Why 100% code coverage proves nothing about scenarios

Code coverage can only measure code that exists. If the designer forgot to handle a case, there is no line to cover — the bug is invisible at 100% line coverage. And even for code that exists, line coverage only proves each piece ran in isolation, not that the interesting combination ever occurred. Concrete miss:

systemverilog
// FIFO write logic — looks innocent
always_ff @(posedge clk) begin
  if (push && !full)            // line A: covered by any normal push
    mem[wr_ptr] <= wdata;
  if (pop && !empty)            // line B: covered by any normal pop
    rd_ptr <= rd_ptr + 1;
end
// BUG: simultaneous push && pop while FULL corrupts the count
// elsewhere in the design.
//
// Test 1: pushes until full           → line A covered
// Test 2: pops until empty            → line B covered
// Line coverage: 100%. Toggle: 100%. Branch: 100%.
// The killing scenario (push && pop && full) NEVER OCCURRED.

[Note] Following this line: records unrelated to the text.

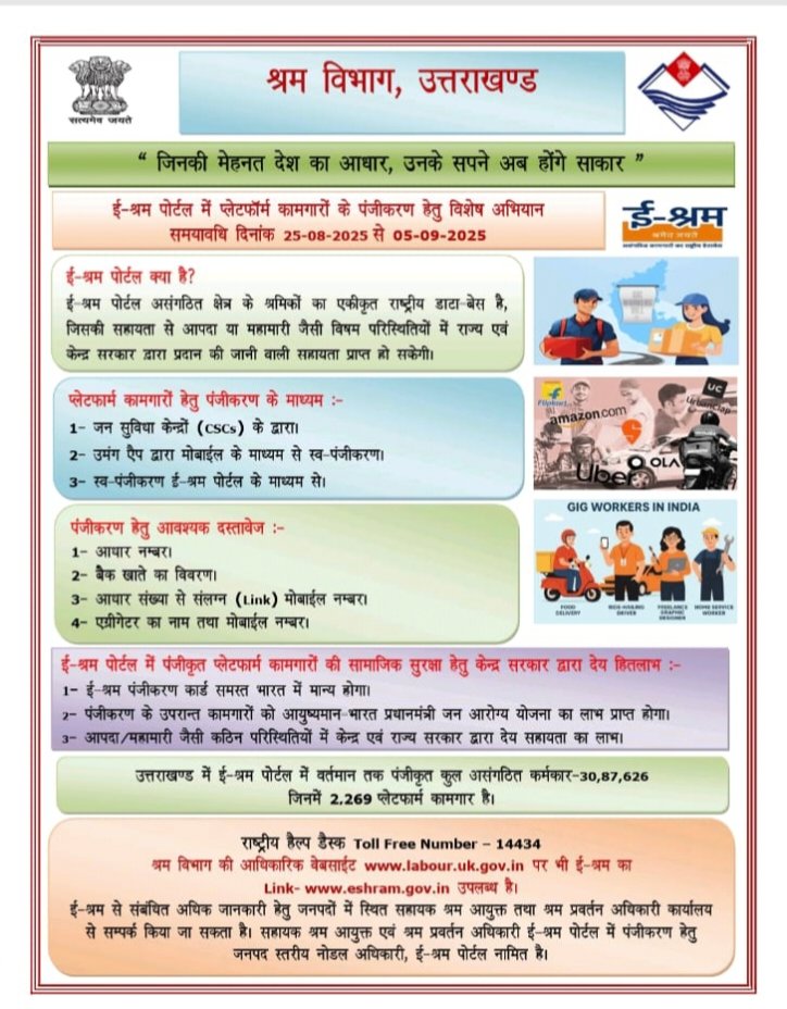 Champawat (Uttarakhand): श्रम विभाग द्वारा 25 अगस्त से 5 सितंबर 2025 तक प्लेटफार्म कामगारों के लिए ई-श्रम पोर्टल पर पंजीकरण का विशेष अभियान चलाया जा रहा है।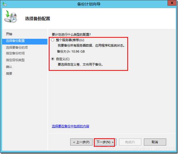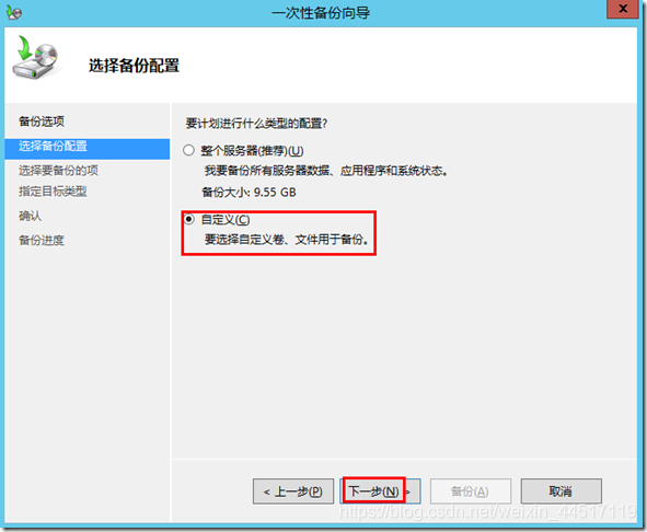 2.我們只需對(duì)特定的文件進(jìn)行備份,選擇“自定義”。如果選擇整個(gè)服務(wù)器,將備份所有服務(wù)器數(shù)據(jù)。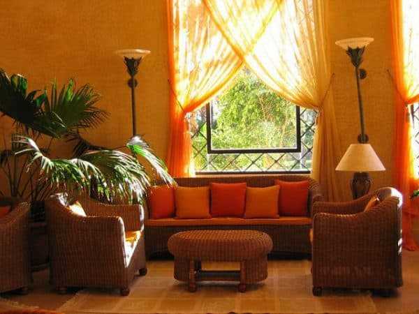 - Лен. Такой тип материи способен выделить «крестьянский» стиль. Любой этно-дизайн не может обойтись без штор, выполненных из льняных или хлопковых тканей. Чтобы немного оттенить, следует использовать нежную занавеску из вуали. Лучшим вариантом при производстве солнцезащитных изделий остается природное хлопковое или льняное полотно. Тут можно посмотреть фото хлопчатобумажной ткани.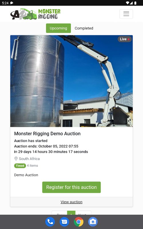 If you need to join and bid online at a Monster Rigging auction, simply download the app to register and take part in the online bidding. Register for an account. Once approved you can bid online. Watch an auction in real-time and access our auction from anywhere.

// The functional coverage that would have exposed the gap:
covergroup cg_fifo @(posedge clk);
  cp_corner : coverpoint {push, pop, full} iff (rst_n) {
    bins push_pop_full = {3'b111};   // unhit → scenario never tried
  }
endgroup

The covergroup bin sits at zero hits, pointing a finger at exactly the stimulus gap. Code coverage had no vocabulary to even express the question.

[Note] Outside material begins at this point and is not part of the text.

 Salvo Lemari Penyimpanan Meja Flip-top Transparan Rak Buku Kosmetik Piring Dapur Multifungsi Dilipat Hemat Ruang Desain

How they combine at sign-off

The two metrics fail in opposite directions, which is why sign-off requires both. High functional coverage with low code coverage means your coverage model is too thin — RTL exists that no planned scenario touches (dead code, or a plan hole). High code coverage with low functional coverage means stimulus wandered everywhere but the planned scenarios never assembled. The quadrant chart is a standard interview whiteboard:

diagram
FUNCTIONAL COVERAGE
                     low            high
                 ┌──────────────┬──────────────────┐
  CODE     high  │ stimulus     │ sign-off          │
  COVERAGE       │ wanders;     │ candidate        │
                 │ scenarios    │ (review waivers,  │
                 │ never formed │  then close)      │
                 ├──────────────┼──────────────────┤
           low   │ early bring- │ coverage model    │
                 │ up; keep     │ too thin OR dead  │
                 │ testing      │ RTL — investigate │
                 └──────────────┴──────────────────┘

Interview framing

  1. Define both in one sentence each: code coverage = tool-measured structure execution; functional coverage = engineer-defined scenario occurrence.

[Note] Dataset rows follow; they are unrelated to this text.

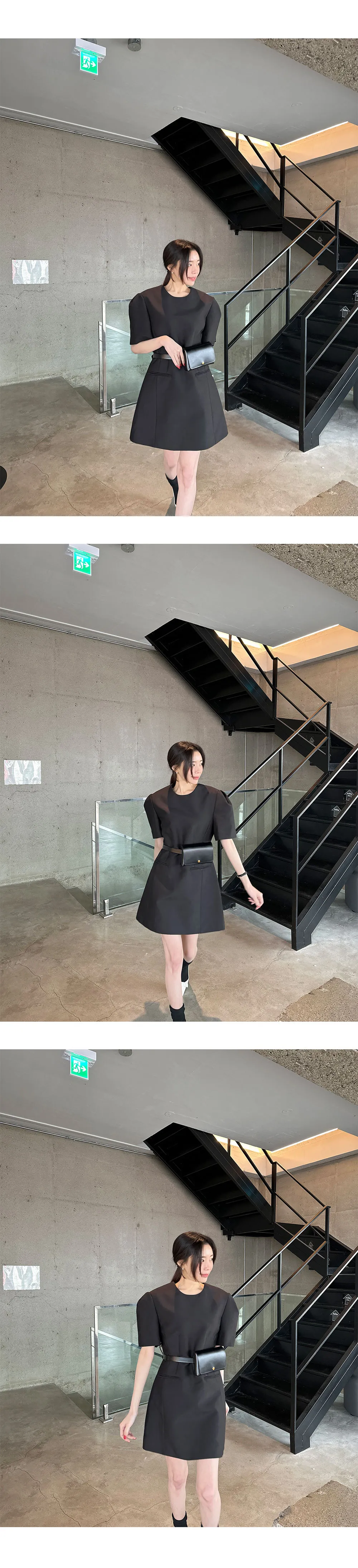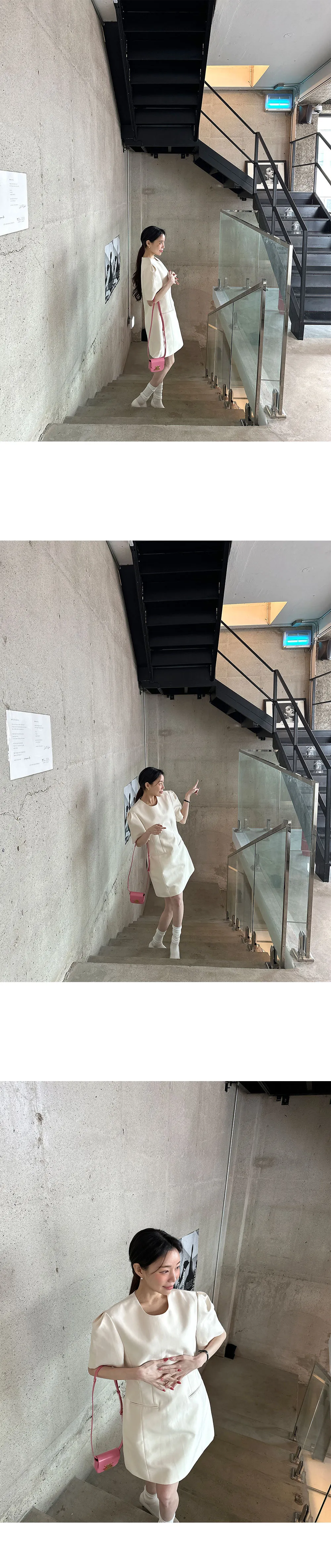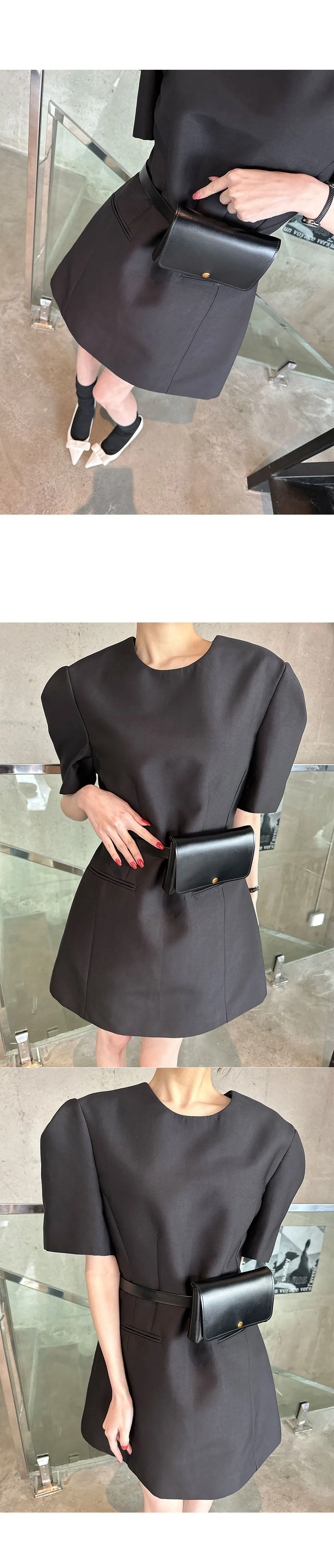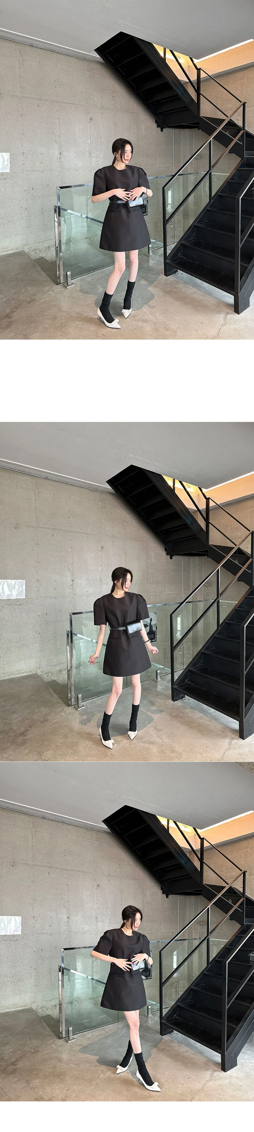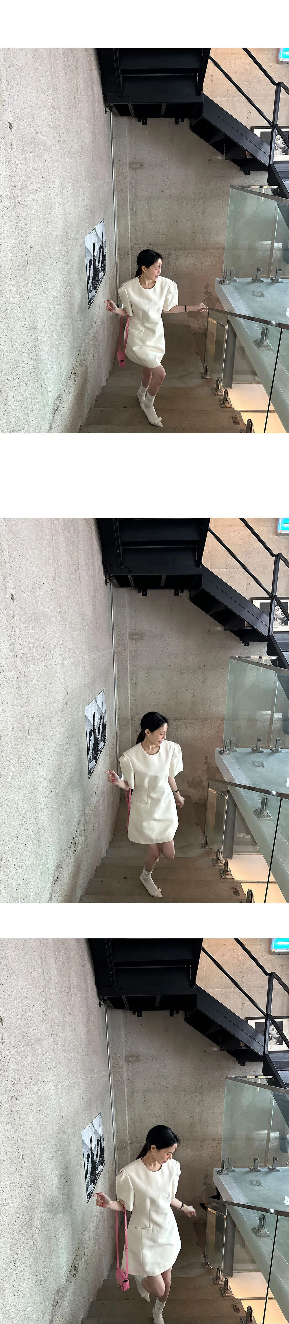 高端設計師品牌 氣質減齡泡泡袖修身西裝連衣短裙 洋裝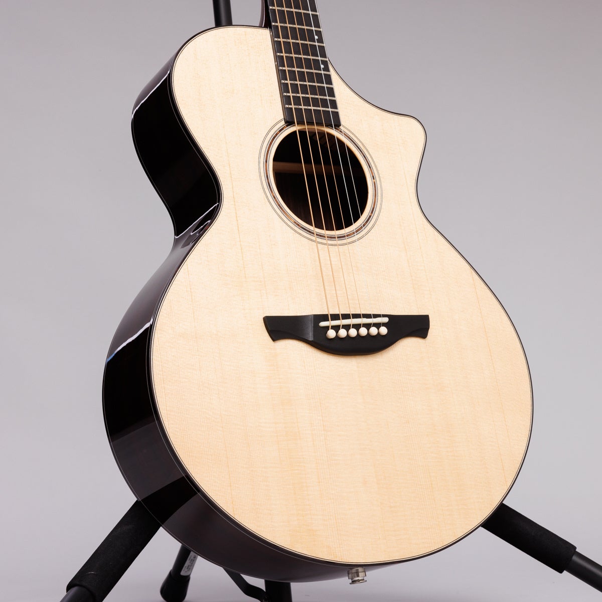 ボディトップの素材には、色素の薄いセレクテッドルッツスプルースを採用。美しい見た目と、ルッツスプルースが持つハリのあるサウンドが魅力です。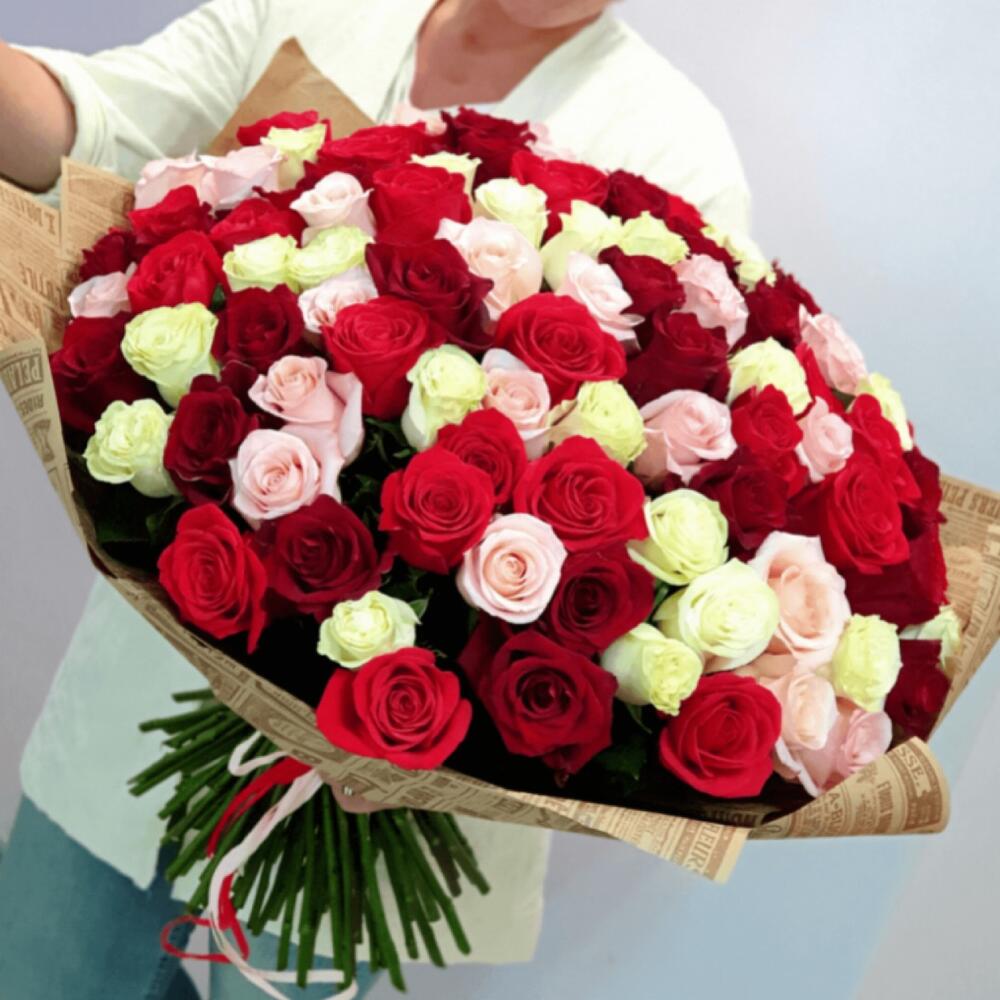 Роза 50 см – 101 шт.упаковка крафт-бумага – 1 шт.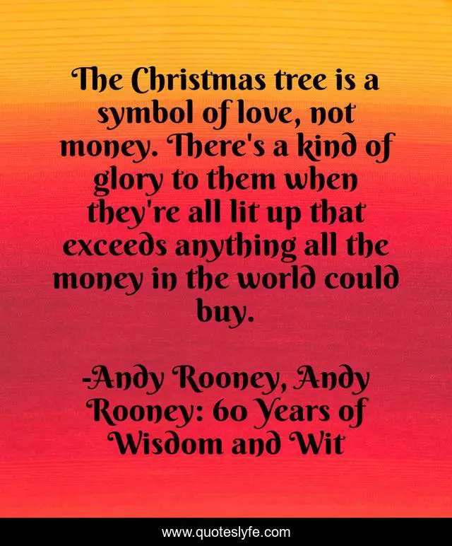 This page presents the quote "The Christmas tree is a symbol of love, not money. There's a kind of glory to them when they're all lit up that exceeds anything all the money in the world could buy.". Author of this quote is Andy Rooney, Andy Rooney: 60 Years of Wisdom and Wit. This quote is about christmas-tree, christmas,.

  2. State the asymmetry: code coverage cannot see missing code or combinations; functional coverage cannot see anything outside its model.

  3. Give a concrete miss example (the FIFO push+pop+full case above) — interviewers want the example, not the definitions.

  4. Close with sign-off practice: both metrics at goal, holes either closed or formally waived with documented reasoning.

Key takeaways

  • Code coverage is automatic and structural; functional coverage is hand-written and scenario-based.

  • 100% code coverage cannot detect missing code or unexercised combinations of covered lines.

  • The two metrics fail in opposite directions — sign-off requires both at goal, plus reviewed waivers.

  • Low code coverage with high functional coverage signals a thin coverage model or dead RTL — always investigate.

Common pitfalls

  • Reporting 100% line coverage as “verification complete” — the classic junior-engineer trap.

  • Skipping code coverage because functional coverage exists — dead code and untouched RTL go unnoticed.

  • Waiving code-coverage holes in bulk without review — waivers are sign-off documents, not noise filters.

  • Building the functional model from the RTL instead of the spec — it inherits the designer's blind spots.